After the initial event is over, the HR team should monitor personnel morale and guard against employee stress and burnout during the recovery period. If proper cross-training has occurred, multiple personnel can be rotated in during the recovery process. Any DRP should take into consideration the need to provide adequate periods of rest for any personnel involved in the disaster recovery process. It should also include guidelines on how to deal with situations where any personnel fall victims of a disaster.

The organization must ensure that salaries and other funding to personnel continue during and after the disaster. Because funding can be critical both for personnel and for resource purchases, authorized, signed checks should be securely stored offsite. Lower-level management with the appropriate access controls should have the ability to disperse funds using these checks in the event that senior management is unavailable.

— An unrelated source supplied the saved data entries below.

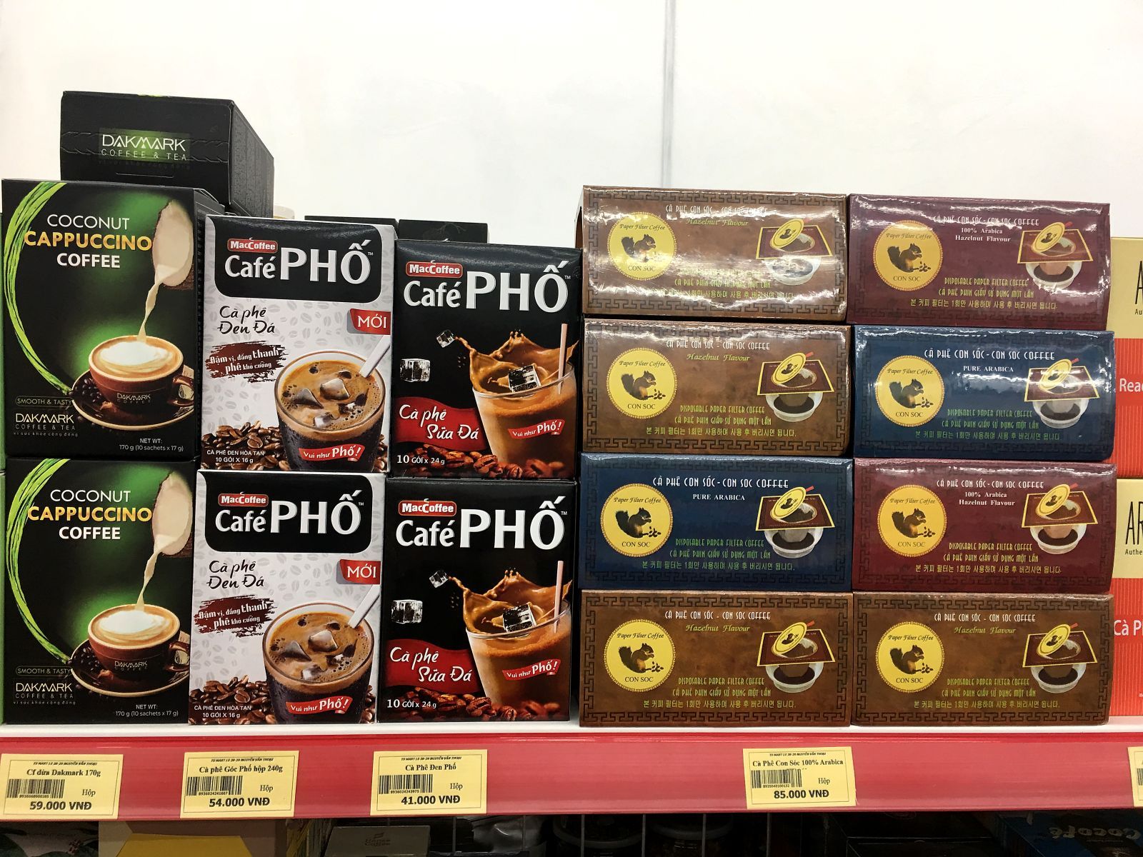This is what the assortment of coffee looks like in the Vietnam ST-Market supermarket.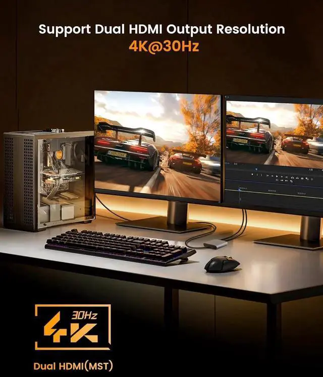 HDMI Output Maximum 4K@60Hz: with this USB-C to dual HDMI adapter if you connect only one HDMI output the maximum output resolution reaches 4K@ 60HZ. If you connect 2 HDMI output devices to display simultaneously the maximum resolution for both monitors is 4K@30HZ.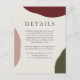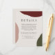 A simple, elegant and artistically styled wedding details card to provide your wedding guests with all the important details surrounding your big day. This design has a rich autumn colour palette with burgundy wine red, terra-cotta and hunter green abstract shapes along the edges of the design. An ecru background blends well with the fall colours. Elegant type face pairings are used to convey your wedding details in beautiful style. Personalise the text template with your desired text.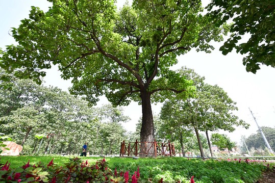 在河南蘭考縣焦裕祿干部學(xué)院門口,游客從“焦桐”下走過。記者 馮大鵬 攝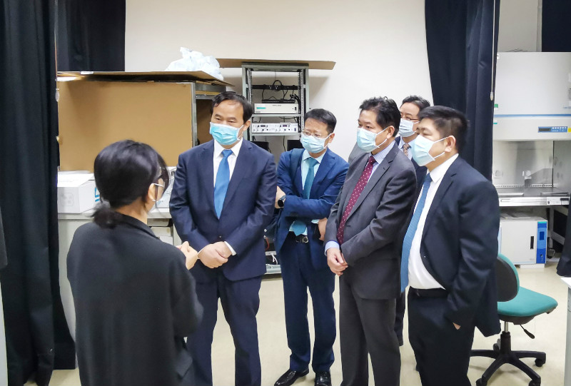 在澳门科技大学,校董会秘书长、副校长唐嘉乐,副校长庞川,校长办公室秘书处处长朱爱微,研究生院行政主任冯钧国会见了代表团。双方回顾了2017年两校签约以来的交流与合作情况,并就通过整合两校资源,成立苏澳研究院、联合申请硕士合作办学项目、申报苏澳园产业政策研究项目、联合培养高端人才以及高层次人才引进等进行了深入交流。代表团一行还参观了澳科大中药国家重点实验室。

An executive succession plan should also be created to ensure that the organization follows the appropriate steps to protect itself and continue operation.

Supplies

Often disasters affect the ability to supply an organization with its needed resources, including paper, cabling, and even water. The organization should document any resources that are vital to its daily operations and the vendors from which these resources can be obtained. Because supply vendors can also be affected by the disaster, alternative suppliers should be identified.

Documentation

For disaster recovery to be a success, the personnel involved must be able to complete the appropriate recovery procedures. Although the documentation of all these procedures might be tedious, it is necessary to ensure that recovery occurs. In addition, each department within the organization should be asked to decide what departmental documentation is needed to carry out day-to-day operations. This documentation should be stored in a central location onsite, and a copy should be retained offsite also. Specific personnel should be tasked with ensuring that this documentation is created, stored, and updated as appropriate.

User Environment Recovery

All aspects of the end-user environment recovery must be included as part of the DRP to ensure that the end users can return to work as quickly as possible. As part of this user environment recovery, end-user notification must occur. Users must be notified of where and when to report after a disaster occurs.

The actual user environment recovery should occur in stages, with the most critical functions being restored first. User requirements should be documented to ensure that all aspects of the user environment are restored. For example, users in a critical department might all need their own client computers. These same users might also need to access an application that is located on a server. If the server is not restored, the users will be unable to perform their job duties even if their client computers are available.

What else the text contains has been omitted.